[SUPPLIED MATERIAL]
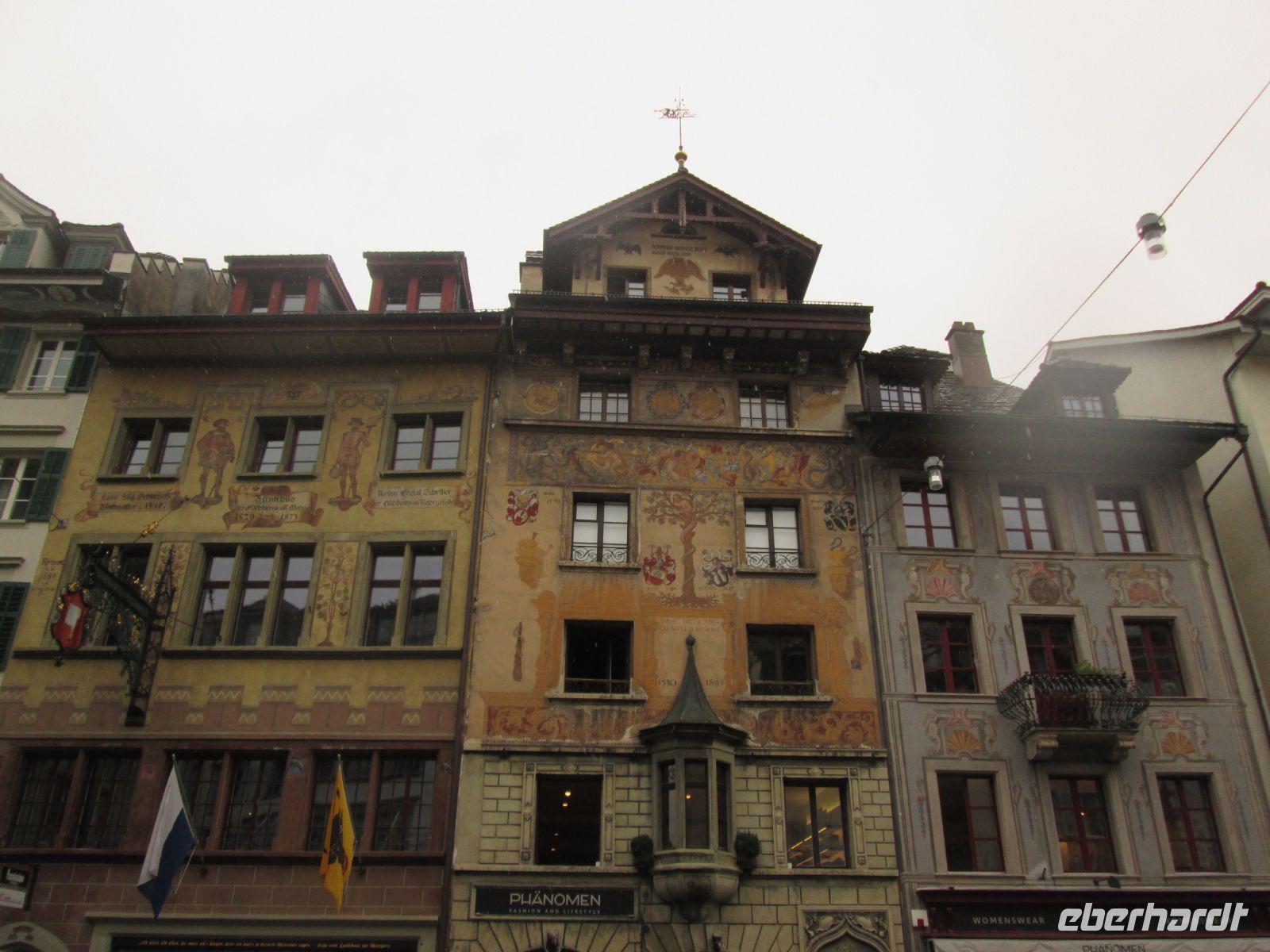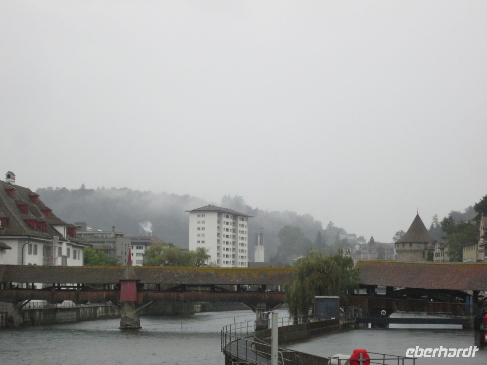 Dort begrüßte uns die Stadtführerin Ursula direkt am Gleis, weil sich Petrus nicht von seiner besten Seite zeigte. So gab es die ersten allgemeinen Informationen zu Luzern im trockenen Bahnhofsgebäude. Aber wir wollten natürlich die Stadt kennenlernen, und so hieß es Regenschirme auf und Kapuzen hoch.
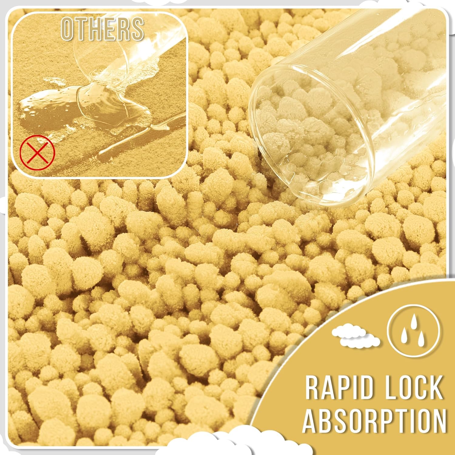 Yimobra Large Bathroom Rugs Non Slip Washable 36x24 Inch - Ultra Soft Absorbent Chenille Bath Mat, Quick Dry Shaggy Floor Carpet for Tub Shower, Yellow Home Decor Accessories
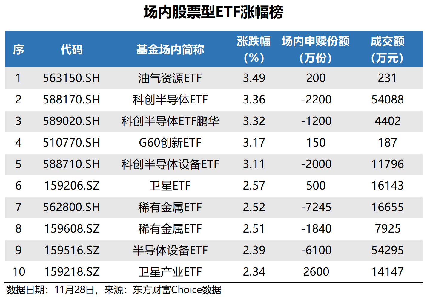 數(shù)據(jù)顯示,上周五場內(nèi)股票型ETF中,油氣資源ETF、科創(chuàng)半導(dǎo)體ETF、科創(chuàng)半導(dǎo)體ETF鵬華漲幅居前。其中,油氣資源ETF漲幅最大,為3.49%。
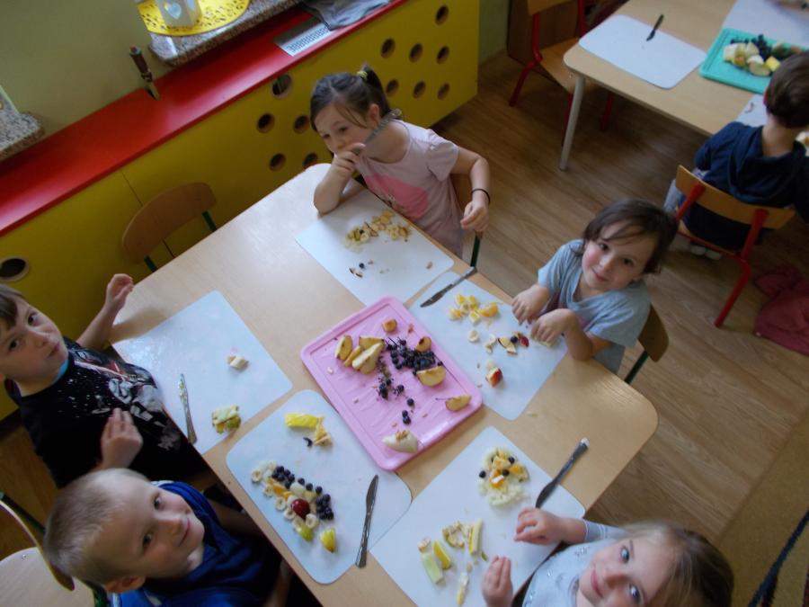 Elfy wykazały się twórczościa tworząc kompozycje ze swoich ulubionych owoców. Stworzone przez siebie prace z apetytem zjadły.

[TASK TO CARRY OUT] The reply should repeat the data in full, exactly as given, and contain no pictures.

[EXERCISE ANSWER]
 Dort begrüßte uns die Stadtführerin Ursula direkt am Gleis, weil sich Petrus nicht von seiner besten Seite zeigte. So gab es die ersten allgemeinen Informationen zu Luzern im trockenen Bahnhofsgebäude. Aber wir wollten natürlich die Stadt kennenlernen, und so hieß es Regenschirme auf und Kapuzen hoch.
 Yimobra Large Bathroom Rugs Non Slip Washable 36x24 Inch - Ultra Soft Absorbent Chenille Bath Mat, Quick Dry Shaggy Floor Carpet for Tub Shower, Yellow Home Decor Accessories
 數(shù)據(jù)顯示,上周五場內(nèi)股票型ETF中,油氣資源ETF、科創(chuàng)半導(dǎo)體ETF、科創(chuàng)半導(dǎo)體ETF鵬華漲幅居前。其中,油氣資源ETF漲幅最大,為3.49%。
 Elfy wykazały się twórczościa tworząc kompozycje ze swoich ulubionych owoców. Stworzone przez siebie prace z apetytem zjadły.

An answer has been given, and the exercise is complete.